El eterno debate entre lo clásico y lo nuevo
En Tantita Tinta siempre nos gusta darles una segunda vuelta a esos títulos que marcaron época. Este 2026 me puse una meta clara: limpiar mi lista de pendientes. Y, aunque parezca mentira, me lancé de lleno a Diablo III: Eternal Collection, un juego que, aunque tiene 14 años de historia a cuestas, me ha dejado lecciones muy valiosas sobre el rumbo de la franquicia.
Muchos se preguntarán: ¿por qué jugar esto ahora, con todo lo que ofrece el cuarto título? La respuesta es sencilla: la curiosidad y la necesidad de entender el contexto. Tras completar Lord of Hatred en Diablo IV, me di cuenta de que para comprender bien el drama detrás de Lilith y el futuro de Santuario, tenía que retroceder. Y déjenme decirles, fue una de las mejores decisiones de mi año.
Una inversión que vale cada peso
Conseguir la Eternal Collection —que incluye Reaper of Souls y el paquete del Nigromante— me salió en unos 430 pesos mexicanos gracias a una rebaja en la tienda digital. Fue un movimiento estratégico, especialmente porque mi clase favorita, el Nigromante, me ha dejado un sabor agridulce en la entrega más reciente tras los cambios en sus árboles de habilidades. Regresar a la versión de Diablo III fue como reencontrarme con un viejo amigo que sabe exactamente qué es lo que me gusta.
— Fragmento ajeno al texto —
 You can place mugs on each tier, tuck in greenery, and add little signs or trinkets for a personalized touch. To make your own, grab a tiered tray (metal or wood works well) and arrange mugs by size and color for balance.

Completar la campaña me tomó unas 12 o 13 horas. Sí, un ritmo tranquilo, pero necesario para saborear la narrativa. Incluso tuve que subir la dificultad a ‘Tormento’ porque, admitámoslo, matar a Belial en menos de un minuto no tiene gracia. Necesitaba que el juego me exigiera, que me pusiera contra las cuerdas.
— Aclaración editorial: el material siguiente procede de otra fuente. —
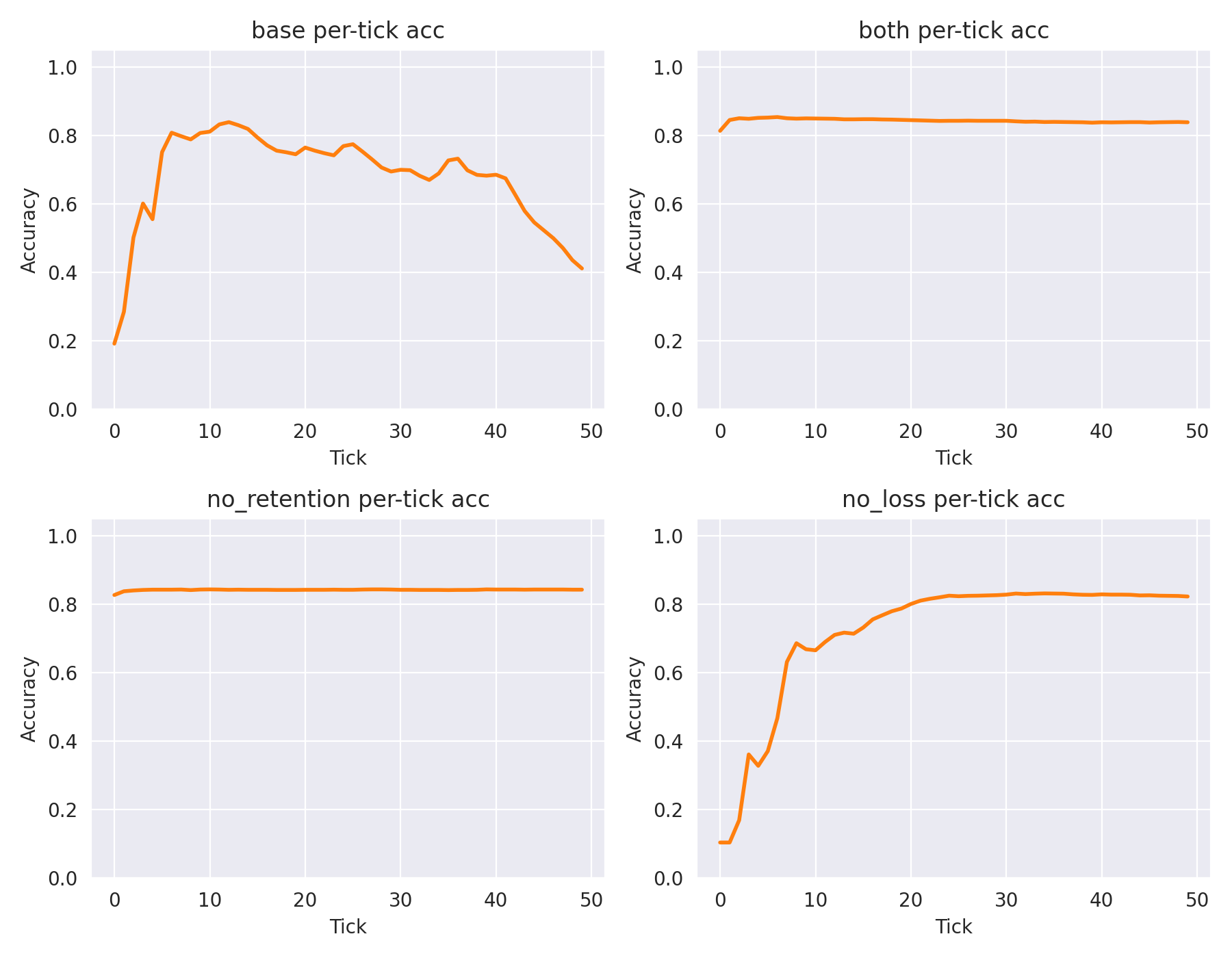 Figure 4: Baseline accuracy falls off a cliff over time, while our version stays flat. This tells us the model isn't necessarily finding new info in those later ticks—it's just organizing its existing beliefs better.

¿Qué es lo que realmente hace que el corazón de la saga lata?
Aquí es donde en Tantita Tinta nos ponemos serios. Después de este viaje, mi mente se quedó clavada en las cinemáticas. El enfrentamiento entre Imperius y Diablo, y todo el arco de los Altos Cielos, es sencillamente arte. Es ahí donde entiendo por qué hay sectores de la comunidad que no quieren ver Diablo IV ni en pintura.
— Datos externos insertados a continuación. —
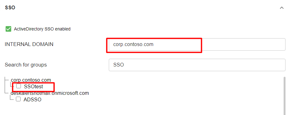 Expand the SSO tab and enable the ActiveDirectory SSO enabled checkbox.
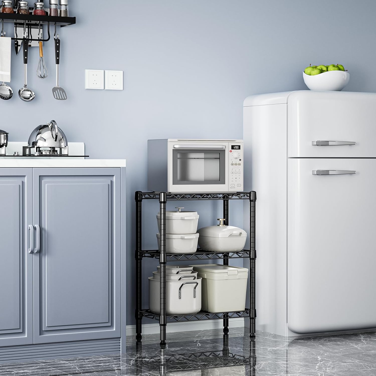 750 lbs 3 Tier Shelf Metal Storage Shelves Wire Rack Closet Organizers with PP Board for Garage Kitchen Bathroom Laundry Black 11.8" D x 21.7" W x 28.6" H
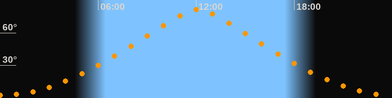 | Höchster Stand (Kulmination) | 12:06 Uhr (h = 81,3°) |
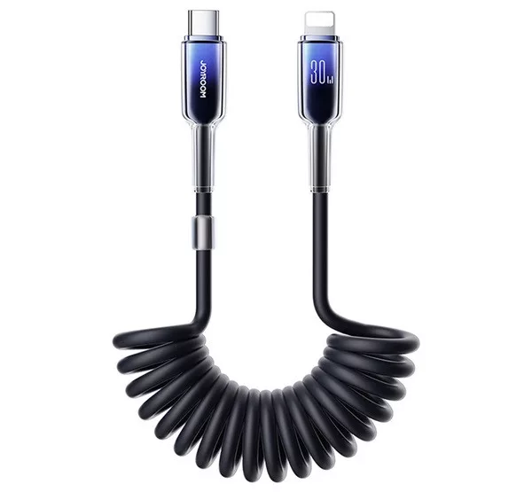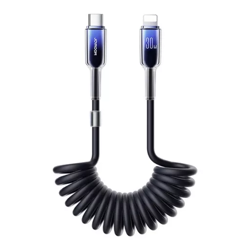 JOYROOM CRYSTAL CLEAR adatkábel (Type-C - lightning, 30W, 2A, PD gyorstöltő, spirálkábel, 150cm) FEKETE

La crítica es clara: la esencia de esta saga siempre han sido sus historias épicas y la sensación de estar en una guerra eterna. Siento que Blizzard ha perdido un poco el norte, priorizando temporadas con contenido efímero y una tienda de skins que te cuesta un ojo de la cara, en lugar de profundizar en lo que realmente hace que nos encariñemos con el universo del juego.
- Historia inmersiva: La narrativa de Diablo III se siente con más alma.
- El Nigromante: Sigo prefiriendo la jugabilidad de esta entrega clásica.
- Producción: Las cinemáticas siguen siendo el estándar de oro de la industria.
No me malentiendan, no estoy aquí para lanzar un retroanalisis técnico del endgame. Simplemente quería compartirles esta reflexión: para nosotros en Tantita Tinta, los videojuegos son experiencias, no solo listas de tareas o pases de batalla. Si Blizzard logra reconectar con ese enfoque narrativo que nos voló la cabeza hace más de una década, no solo tendrán mi cartera, tendrán mi alma (y la de muchos otros jugadores) de vuelta.
¿Y ustedes qué opinan? ¿Son de los que defienden a capa y espada lo nuevo o creen que, como yo, nos hemos perdido en el camino de la optimización y las microtransacciones?